Prove by induction that for all natural numbers $n$, $\frac{5}{4}8^n + 3^{3n-1}$ is divisible by $19$.
I'm running into trouble at the inductive part of the step, I am currently attempting to add/subtract the inductive hypothesis but I end up with two different coefficients that are seemingly unrelated to $19$. I've been stuck on this for days, thanks for the help!
Best Answer
Rewrite as $f(n)=10\cdot 8^{n-1}+3^{3n-1}$ to clear the fraction.
Then can you see that $f(n+1)=10\cdot 8^n+3^{3n+2}=8f(n)+(27-8)3^{3n-1}$
We choose the factor $8$ (we could also have chosen $27$) since we want to get rid of one of the exponentials altogether in the $f(n)$ term, and to find that the other one ends up with a coefficient divisible by $19$.

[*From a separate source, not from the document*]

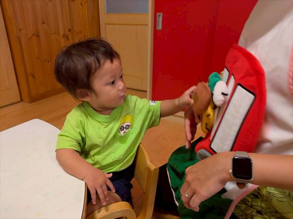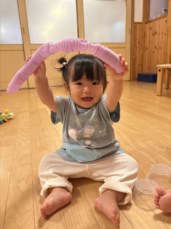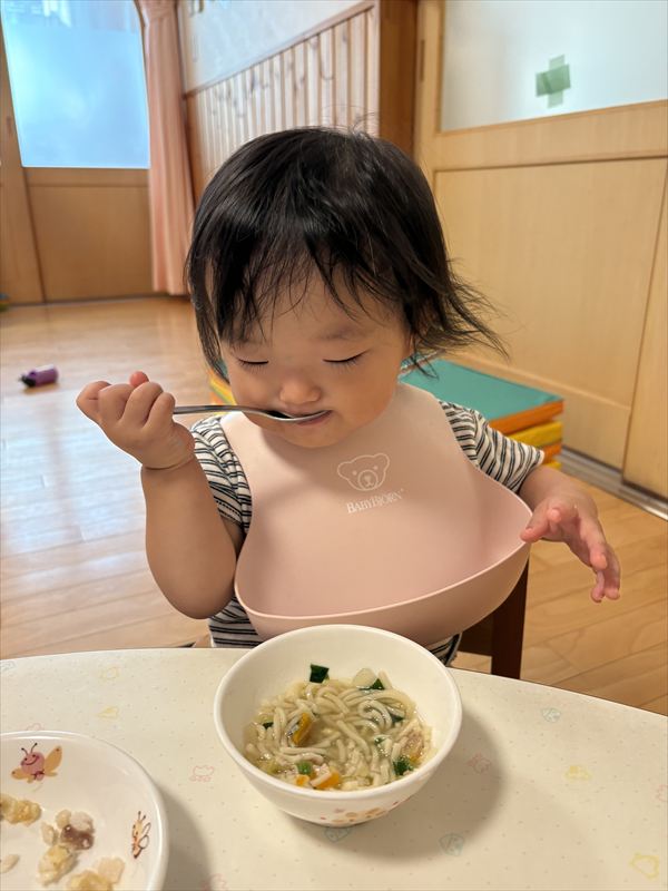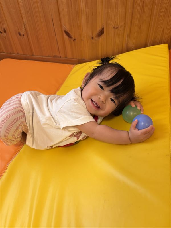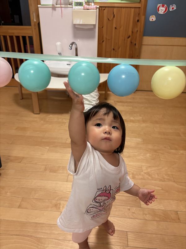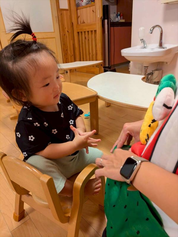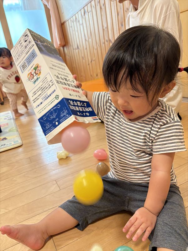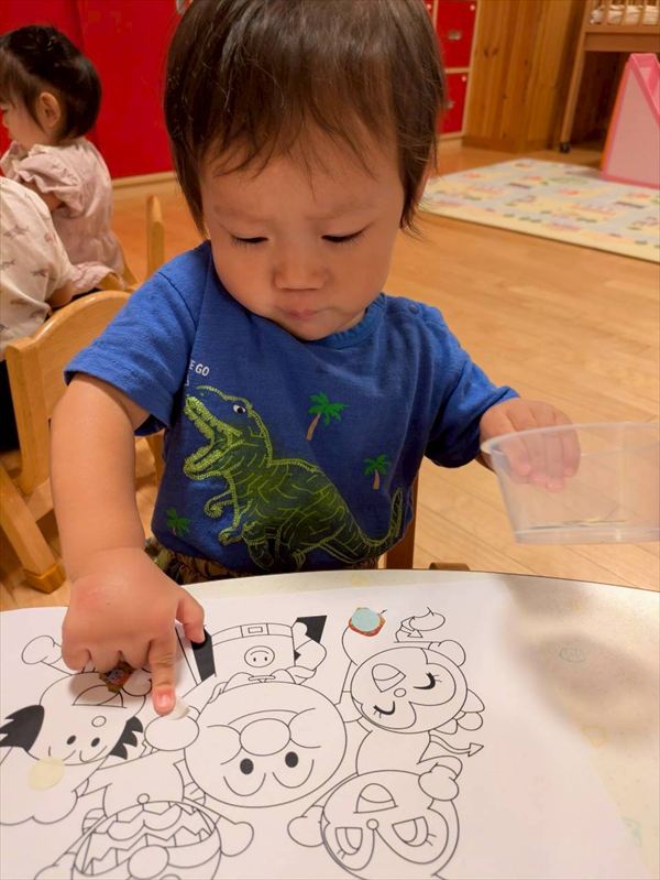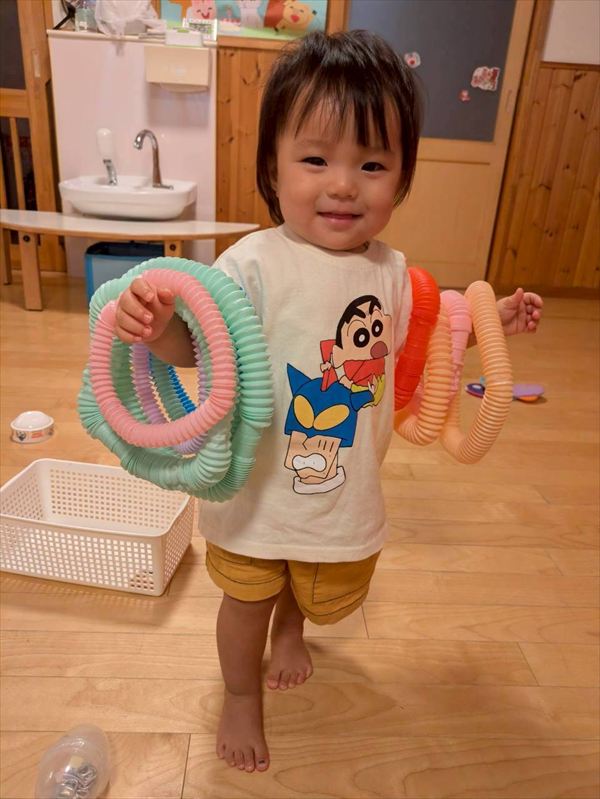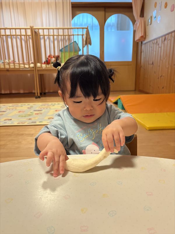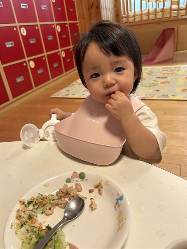9月のおひさまぐみ VOL.138(2025/10/1更新) 【外遊び】 お外が大好きな子どもたち!いっぱい体を動かして元気いっぱいです 【感触遊び】 片栗粉や小麦粉を使いスライムを作り遊びました!トロトロしたりモチモチしたりする不思議な感触に興味津々な子どもたちでした 【給食の時間】 離乳食や普通食をモリモリ食べて楽しい給食の時間を過ごしています 【室内遊び】 室内では好きなおもちゃを見つけたりシール貼りやエプロンシアターなど様々な遊びを楽しみました

Note that if $f(n)=Aa^n+Bb^n$ then $f(n+1)=(a+b)f(n)-abf(n-1)$ so if $a,b$ are integers and some integer $c$ is a factor of both $f(n-1)$ and $f(n)$ it will also be a factor of $f(n+1)$, which is another way of solving this kind of problem (requires two base cases rather than one, but then the induction goes through).